Instructions to follow
Begin at the line where "Everything lightly SWATCHED." appears and reproduce exactly every line through the end of the data below, both included, skipping pictures.

(Provided data Opens)

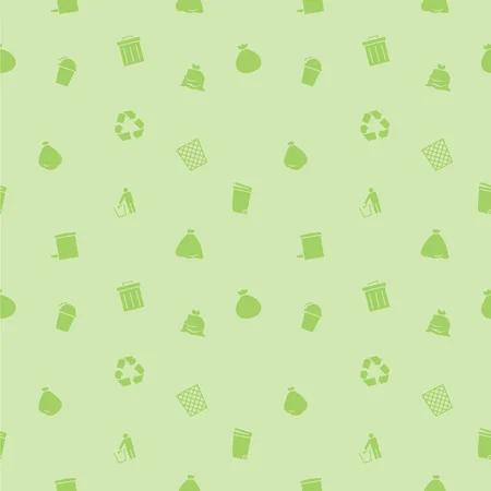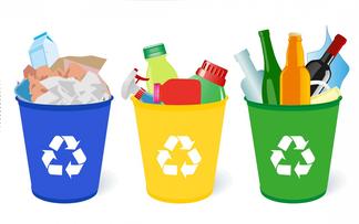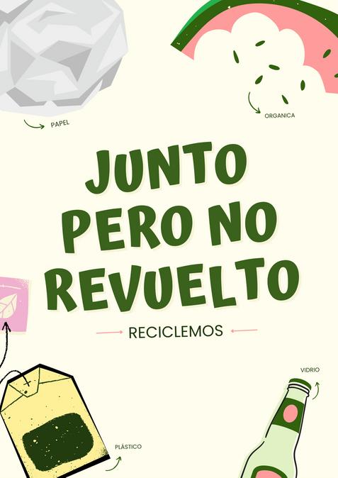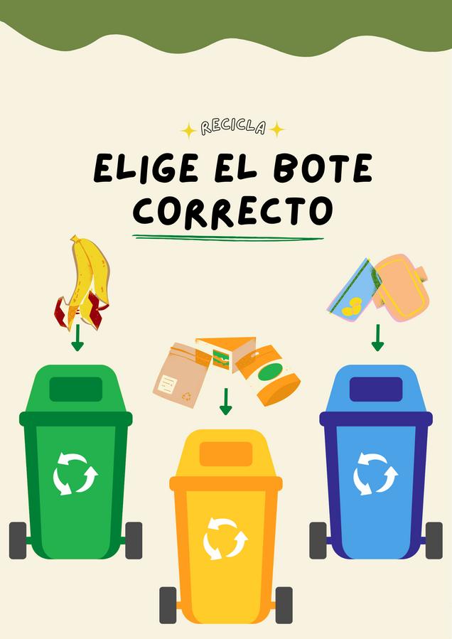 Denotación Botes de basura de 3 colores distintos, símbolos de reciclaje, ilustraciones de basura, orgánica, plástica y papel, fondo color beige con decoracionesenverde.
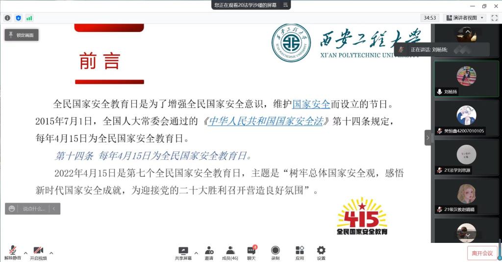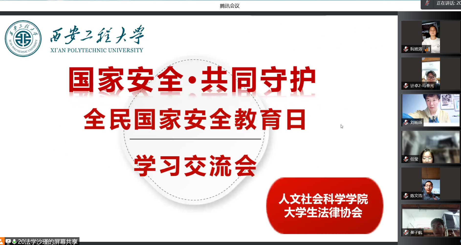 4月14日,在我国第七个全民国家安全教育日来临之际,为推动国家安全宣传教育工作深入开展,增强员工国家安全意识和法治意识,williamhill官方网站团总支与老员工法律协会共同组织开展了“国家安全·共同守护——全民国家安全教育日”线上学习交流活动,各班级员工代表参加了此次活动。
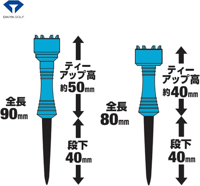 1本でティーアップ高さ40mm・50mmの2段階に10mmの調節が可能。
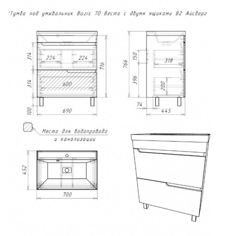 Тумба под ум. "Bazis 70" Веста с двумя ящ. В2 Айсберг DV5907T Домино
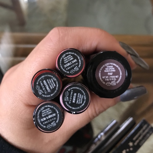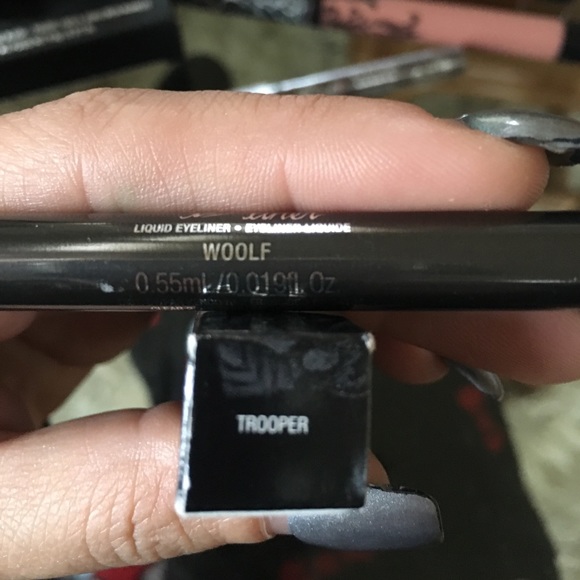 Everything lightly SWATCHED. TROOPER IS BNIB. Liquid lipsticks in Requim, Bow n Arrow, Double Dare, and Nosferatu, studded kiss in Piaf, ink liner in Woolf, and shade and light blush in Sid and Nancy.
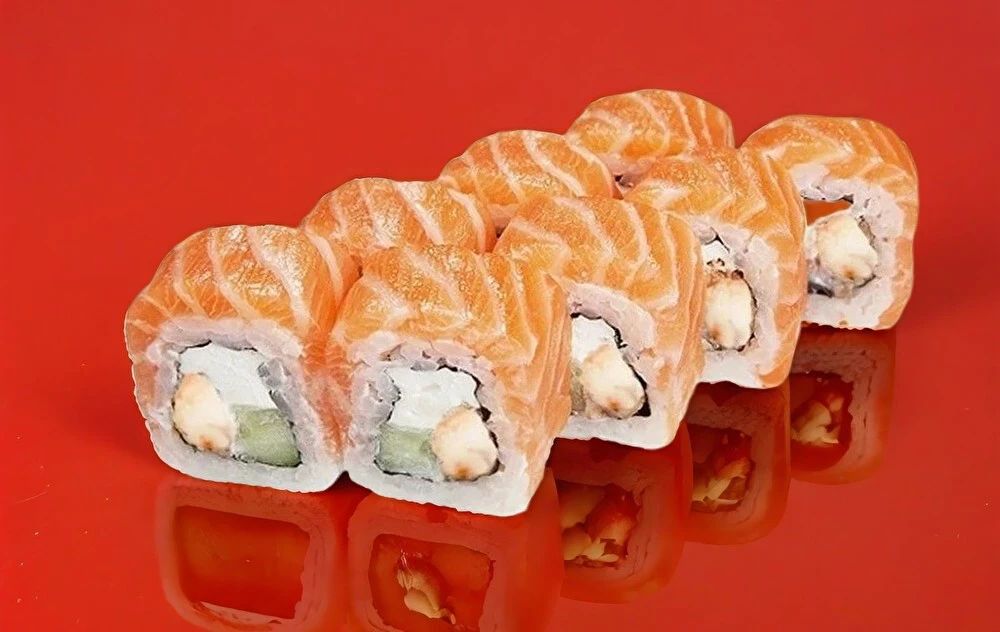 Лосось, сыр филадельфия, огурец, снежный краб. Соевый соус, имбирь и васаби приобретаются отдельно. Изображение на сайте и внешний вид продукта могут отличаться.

(Provided data Closes)

Answer for the task
 Everything lightly SWATCHED. TROOPER IS BNIB. Liquid lipsticks in Requim, Bow n Arrow, Double Dare, and Nosferatu, studded kiss in Piaf, ink liner in Woolf, and shade and light blush in Sid and Nancy.
 Лосось, сыр филадельфия, огурец, снежный краб. Соевый соус, имбирь и васаби приобретаются отдельно. Изображение на сайте и внешний вид продукта могут отличаться.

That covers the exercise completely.